Silencieusement, mes yeux l'ont observé toute la soirée, prolongeant la nuit, repoussant le jour par nos verres se vidant et par nos rires, souriant au jour nouveau qui prolongerai alors l'espoir de nouveaux rendez-vous...
L'audace des premiers regards nous à envoutés, liberté des mouvements dans l'inconscience d'une vie, refusant l'intimité des relations humaines, nous nous sommes confié à la lueur de l'aube encore fraîche et innocente de nos paroles. L'amitié m'a gagnée, les ruses de la séduction se sont mises à applaudir dans ma pauvre tête, victime des phrases banales des grands séducteurs en costume brillant de fausse modestie. Au fur et à mesure que le temps, ce dieu fou avançait ses aiguilles meurtrières dans le bleu étoilé du ciel, ma vision de cette belle inconnue se modifia. Calmement, doucement ensevelie par le silence, des traits commencèrent à prendre forme, des courbes d'ouvertures, de franchises, de regards abstraits, ensemble de critères marginaux, de mots doux métalliques qui déclament les roses en poèmes.

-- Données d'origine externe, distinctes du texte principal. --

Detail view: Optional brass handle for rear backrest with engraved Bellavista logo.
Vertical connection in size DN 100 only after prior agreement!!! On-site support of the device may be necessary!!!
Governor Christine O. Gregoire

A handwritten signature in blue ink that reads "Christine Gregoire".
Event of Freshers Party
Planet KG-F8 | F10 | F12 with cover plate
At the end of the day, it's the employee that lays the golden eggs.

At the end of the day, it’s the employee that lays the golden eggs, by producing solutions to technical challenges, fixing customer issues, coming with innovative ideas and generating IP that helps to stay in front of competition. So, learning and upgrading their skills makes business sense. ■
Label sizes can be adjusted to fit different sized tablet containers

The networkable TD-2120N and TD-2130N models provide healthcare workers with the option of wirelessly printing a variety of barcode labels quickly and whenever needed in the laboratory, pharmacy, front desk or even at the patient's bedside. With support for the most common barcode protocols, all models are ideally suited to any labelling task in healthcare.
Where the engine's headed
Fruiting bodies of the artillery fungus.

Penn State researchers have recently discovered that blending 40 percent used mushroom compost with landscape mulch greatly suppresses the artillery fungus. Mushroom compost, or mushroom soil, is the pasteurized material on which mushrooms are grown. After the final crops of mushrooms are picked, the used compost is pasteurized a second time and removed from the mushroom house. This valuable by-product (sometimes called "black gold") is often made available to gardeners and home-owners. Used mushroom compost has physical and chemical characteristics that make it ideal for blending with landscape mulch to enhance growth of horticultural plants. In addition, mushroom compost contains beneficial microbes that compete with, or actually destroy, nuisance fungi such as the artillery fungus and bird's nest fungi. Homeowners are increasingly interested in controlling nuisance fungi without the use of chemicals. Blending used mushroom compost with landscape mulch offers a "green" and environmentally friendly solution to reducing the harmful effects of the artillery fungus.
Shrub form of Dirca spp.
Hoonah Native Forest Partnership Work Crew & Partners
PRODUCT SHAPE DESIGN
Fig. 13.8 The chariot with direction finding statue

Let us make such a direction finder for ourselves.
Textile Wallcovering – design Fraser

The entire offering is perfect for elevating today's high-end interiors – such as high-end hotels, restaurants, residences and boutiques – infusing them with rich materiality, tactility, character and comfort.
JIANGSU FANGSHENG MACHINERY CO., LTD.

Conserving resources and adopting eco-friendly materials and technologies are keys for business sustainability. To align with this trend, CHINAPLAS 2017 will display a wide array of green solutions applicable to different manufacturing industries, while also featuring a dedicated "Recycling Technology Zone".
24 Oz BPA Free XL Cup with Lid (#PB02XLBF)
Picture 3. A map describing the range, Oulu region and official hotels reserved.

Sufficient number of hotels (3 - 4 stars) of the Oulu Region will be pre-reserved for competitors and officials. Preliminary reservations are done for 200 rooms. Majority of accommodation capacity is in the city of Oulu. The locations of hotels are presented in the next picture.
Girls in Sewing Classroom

J'ai laissé mon âme s'évadé à travers le temps, les pièces des maisons voisines, autour des rêves réalistes que font les dormeurs du jour. Je lui ai laissé le loisir de se balader, de courir vers la lumières des villes, mais elle n'a rien voulu entendre, elle est resté docile, à côté de cette fille inconnue qui en l'espace de quelques heures s'était transformé pour mon salut en femme fatale, en amie sincère qui m'avait au fils de ses notes raffinées apprivoisé les émotions fatales des grands soirs de séductions. Magie rebelle, les couleurs se sont accentuées jusqu'à la fin, du rouge s'est volatilisé, du jaune s'est imprégné dans l'absolu et moi, seul j'ai rêvé de mauve pour peindre la vie des drôles de gens au parapluie, joueurs des grands boulevards de la vie.
Jonathan Cimino, pour une belle inconnue qui se reconnaîtra dans l'intimité d'un comptoir cubain, dans l'absence de restaurant à salade faute de réservation ;-)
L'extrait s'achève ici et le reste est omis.